Untar it and set up environment variables.

```sh
$ tar xf cmake-ninja-flex.tar.bz2
$ cd cmake-ninja-flex

# for bash/zsh
$ export TOOLS_ROOT=`pwd`
$ export PATH=$TOOLS_ROOT:$PATH
# for csh
$ setenv TOOLS_ROOT `pwd`
$ setenv PATH $TOOLS_ROOT:$PATH
```

Then,

```sh
$ git submodule update --init
$ cd llvm-build
# rhine is buggy; without debugging symbols, you can't report a useful bug
$ cmake -GNinja -DCMAKE_BUILD_TYPE=Debug ../llvm
$ ninja
$ export PATH=`pwd`/bin:$PATH
$ cd ../rhine-build
# flex isn't picked up from $PATH
$ cmake -GNinja -DTOOLS_ROOT=$TOOLS_ROOT -DFLEX_EXECUTABLE=$TOOLS_ROOT/flex ..
# if there are build (usually link) errors, please open an issue
# tests are currently failing on Linux, need to look into it
$ ninja check
```

## Commentary

An inefficient untyped language is easy to implement. `println` taking 23 and
"twenty three" as arguments is a simple matter of switching on
type-when-unboxed.

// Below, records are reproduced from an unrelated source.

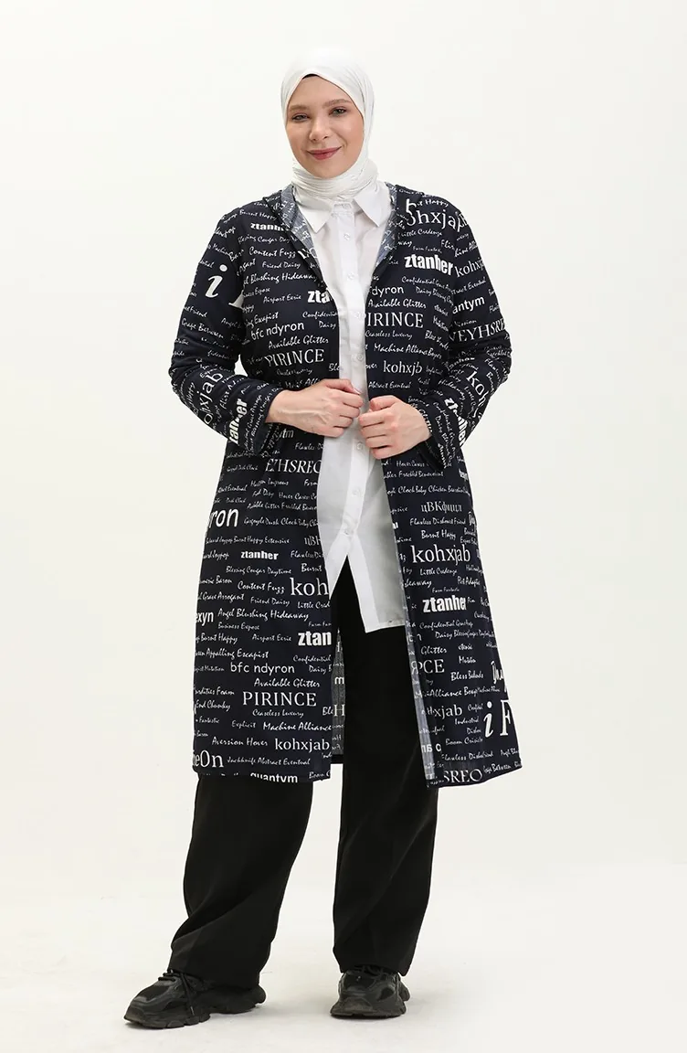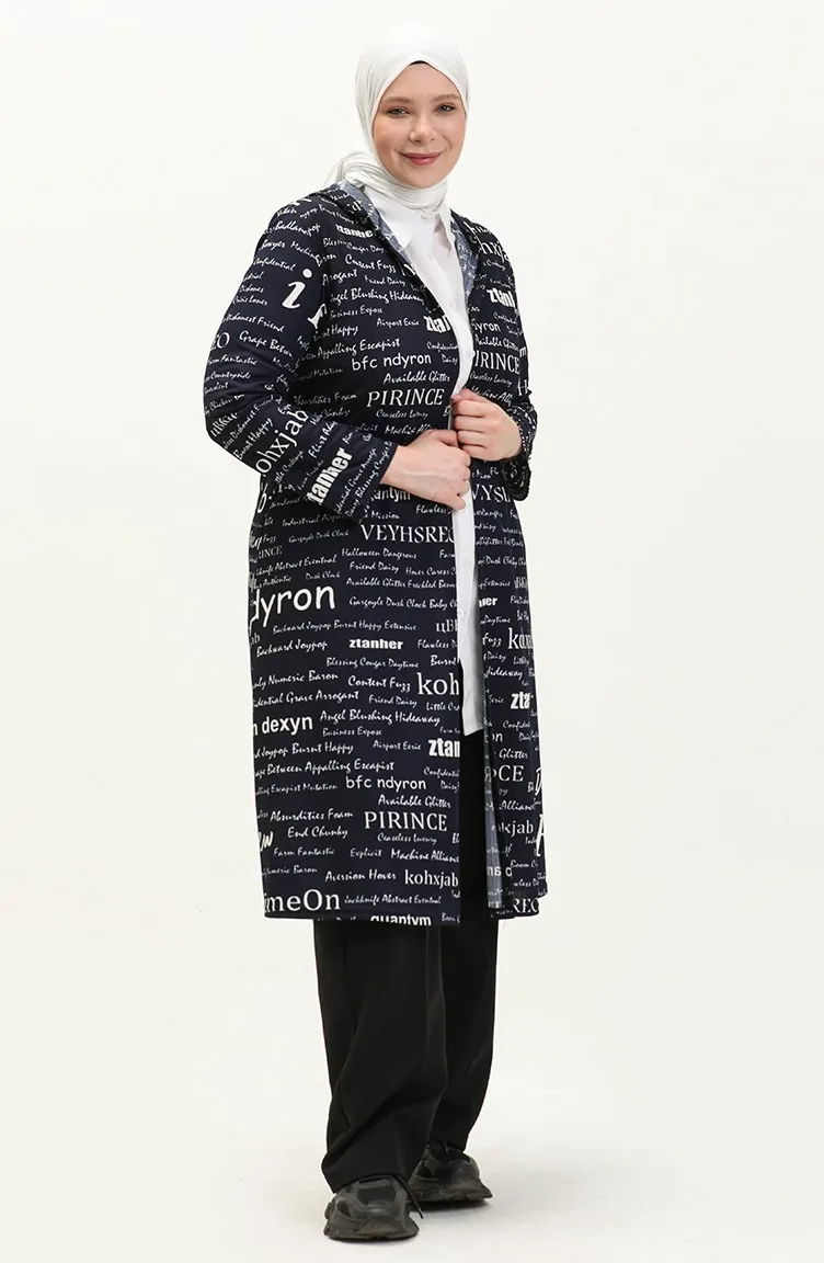 Büyük Beden Kapüşonlu Kap 4707-02 Lacivert
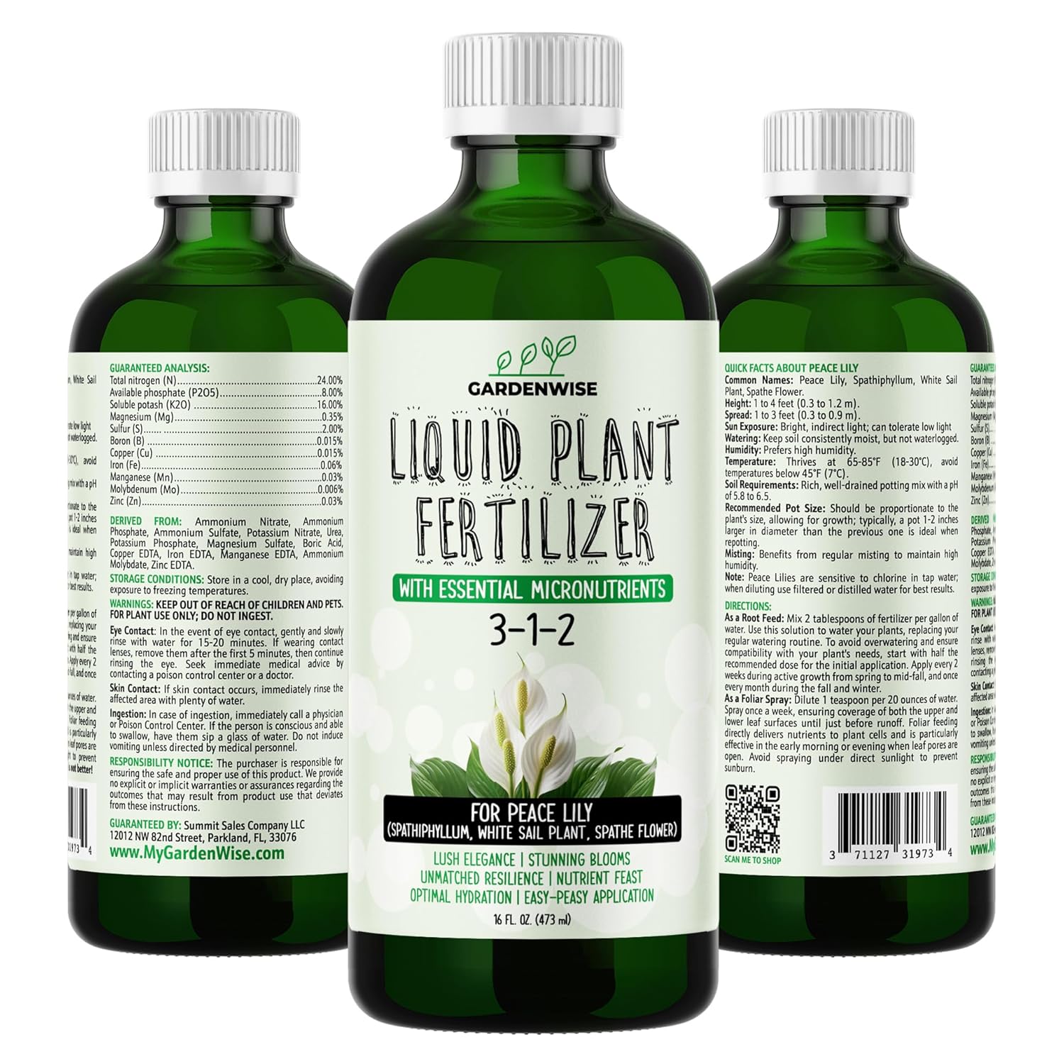 Peace Lily Fertilizer: 3-1-2 Liquid Fertilizer with Essential Micronutrients - The Ultimate Food for Spathiphyllum, Perfect for Indoor Plants (16 OZ)
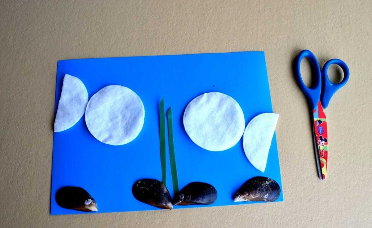 Теперь рассмотрим, как делаются поделки-аппликации из ватных дисков своими руками:
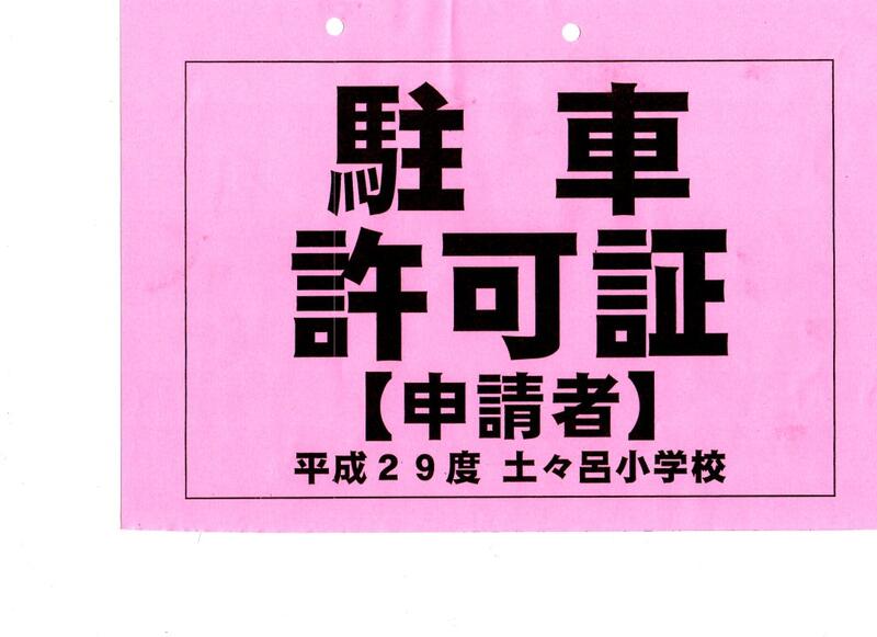 ピンク色の駐車証は、校内への駐車を申請された方に出させてもらったもので、体育館側などに止めてもらうことになります。

There's no need to rewrite the value in IR, and certainly no
need to come up with an overloading scheme.

[Crystal](http://crystal-lang.org/) made a good decision to start with Ruby. If
your idea is to self-host, then the original language's efficiency does not
matter. All you need is good generated assembly (which LLVM makes easy).